● **PROBLEM TO SOLVE**
Only the lines below, from the one with "红腹角雉属于鸡形目雉科,雄鸟" through the one with "8月13日,福州农商行因未按", are to be written out, exactly.
━━━ DATA RECORDS ━━━
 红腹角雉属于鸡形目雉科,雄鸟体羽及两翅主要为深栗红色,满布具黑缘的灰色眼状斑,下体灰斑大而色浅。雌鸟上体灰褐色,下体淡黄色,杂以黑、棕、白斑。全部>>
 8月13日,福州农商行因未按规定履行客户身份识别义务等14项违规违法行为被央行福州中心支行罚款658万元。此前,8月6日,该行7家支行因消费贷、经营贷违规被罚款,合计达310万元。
━━━
━━━ DATA RECORDS ━━━
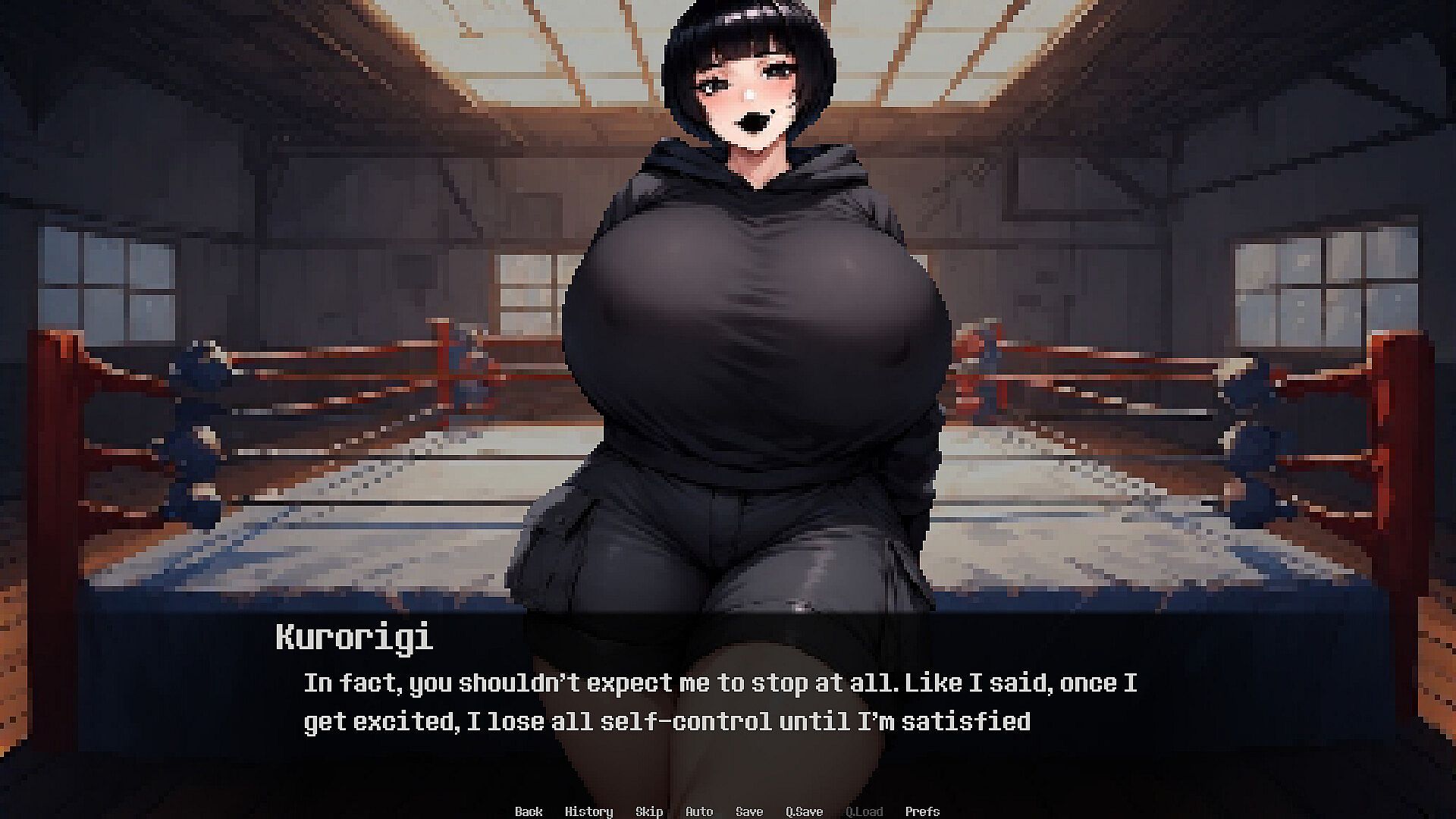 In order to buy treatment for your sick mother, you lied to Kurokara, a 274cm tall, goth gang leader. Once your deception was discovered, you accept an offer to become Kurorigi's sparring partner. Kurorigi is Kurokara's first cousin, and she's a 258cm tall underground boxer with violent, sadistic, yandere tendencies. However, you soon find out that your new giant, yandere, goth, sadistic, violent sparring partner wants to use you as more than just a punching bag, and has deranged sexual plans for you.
━━━
● **REPLY**
 红腹角雉属于鸡形目雉科,雄鸟体羽及两翅主要为深栗红色,满布具黑缘的灰色眼状斑,下体灰斑大而色浅。雌鸟上体灰褐色,下体淡黄色,杂以黑、棕、白斑。全部>>
 8月13日,福州农商行因未按规定履行客户身份识别义务等14项违规违法行为被央行福州中心支行罚款658万元。此前,8月6日,该行7家支行因消费贷、经营贷违规被罚款,合计达310万元。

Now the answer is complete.